• Available data:
*** Begin section ***

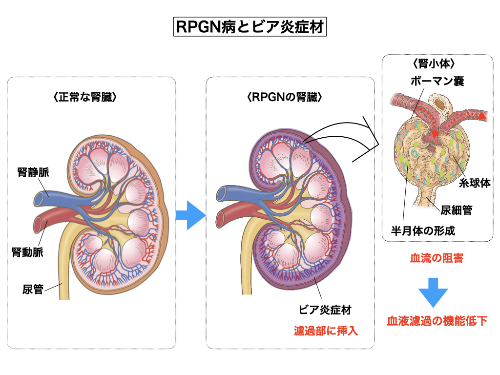 ※ 腎臓の糸球体に急速かつ激烈な炎症が生じ、数週間から数ヶ月の経過で腎機能が急激に低下して腎不全に至る病気である。重篤な糸球体腎炎症候群であり、予後が大変悪く、透析へ移行しない場合も、慢性腎不全として継続的な治療が必要となる。この病気に特徴的なのはボウマン腔に形成される「半月体(クレッセント)」と呼ばれる構造の出現である。この半月体構造が血流を阻害し糸球体における血液濾過を急速に低下せしめて腎機能が悪化する。半月体は免疫複合体の沈着によるもので形成の原因は不明である。実はRPGNとは神々の「天罰病」であって(魔界天罰とは異なる)、両方の腎臓の濾過部に神々武器である「ビア炎症材」を挿入されて発症する病気である。性能の良いレントゲンを使用すれば「ビア炎症材」の形状がボンヤリと映し出されている場合がある。神界の天罰基準によれば、この刑罰に処せられる人間達とは「神仏に対して無信心かつ背神的で畏敬の念も感謝の念も抱かない人」と規定されている。まあ今世は人間としては失格なので、本人が改心するまでずっと病院に居てもらうと言う病気である。血液が電磁場に直接触れて固まってしまうのが半月体の形成要因であり、こんな天罰病を研究した所で、そこから学べるものは何も無い。
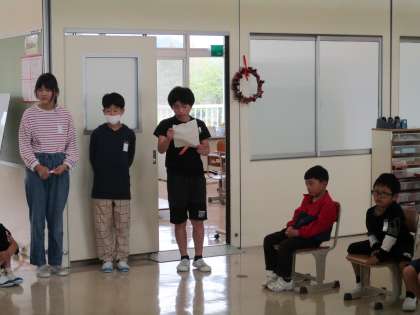 上学年が中心となって企画・運営した入学おめでとう集会が、今日開催されました。
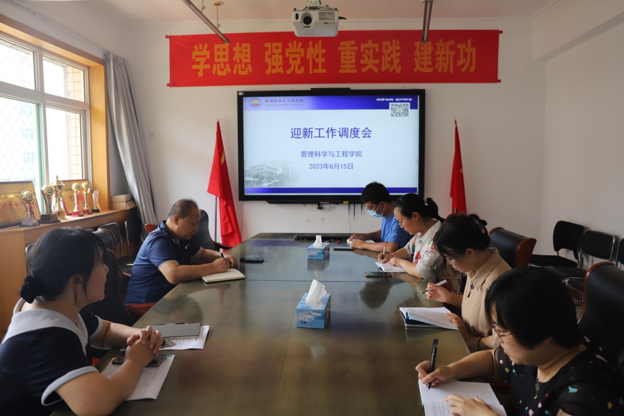 2023年8月15日,肉漫屋 在会议室召开迎新工作调度会,党委书记王剑彪出席,全体辅导员参加。会议由党委副书记李丽主持。
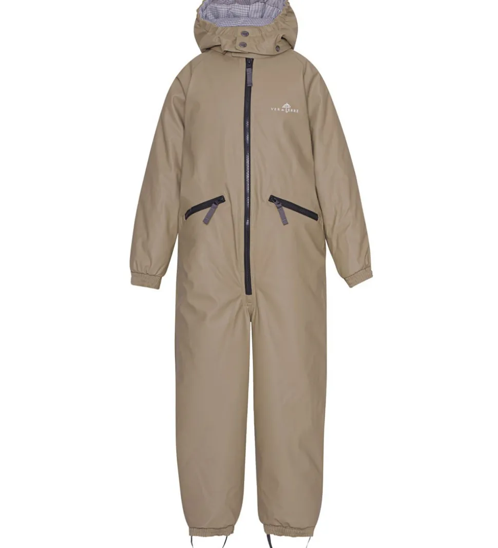 Lækker Ver de Terre flyverdragt i ensfarvet lysebrun med en vandtæt PU-overflade og med sorte lynlåse.

*** End section ***

• Problem: In your copy, include no pictures; print every line above exactly.

• Answer to this problem:
 ※ 腎臓の糸球体に急速かつ激烈な炎症が生じ、数週間から数ヶ月の経過で腎機能が急激に低下して腎不全に至る病気である。重篤な糸球体腎炎症候群であり、予後が大変悪く、透析へ移行しない場合も、慢性腎不全として継続的な治療が必要となる。この病気に特徴的なのはボウマン腔に形成される「半月体(クレッセント)」と呼ばれる構造の出現である。この半月体構造が血流を阻害し糸球体における血液濾過を急速に低下せしめて腎機能が悪化する。半月体は免疫複合体の沈着によるもので形成の原因は不明である。実はRPGNとは神々の「天罰病」であって(魔界天罰とは異なる)、両方の腎臓の濾過部に神々武器である「ビア炎症材」を挿入されて発症する病気である。性能の良いレントゲンを使用すれば「ビア炎症材」の形状がボンヤリと映し出されている場合がある。神界の天罰基準によれば、この刑罰に処せられる人間達とは「神仏に対して無信心かつ背神的で畏敬の念も感謝の念も抱かない人」と規定されている。まあ今世は人間としては失格なので、本人が改心するまでずっと病院に居てもらうと言う病気である。血液が電磁場に直接触れて固まってしまうのが半月体の形成要因であり、こんな天罰病を研究した所で、そこから学べるものは何も無い。
 上学年が中心となって企画・運営した入学おめでとう集会が、今日開催されました。
 2023年8月15日,肉漫屋 在会议室召开迎新工作调度会,党委书记王剑彪出席,全体辅导员参加。会议由党委副书记李丽主持。
 Lækker Ver de Terre flyverdragt i ensfarvet lysebrun med en vandtæt PU-overflade og med sorte lynlåse.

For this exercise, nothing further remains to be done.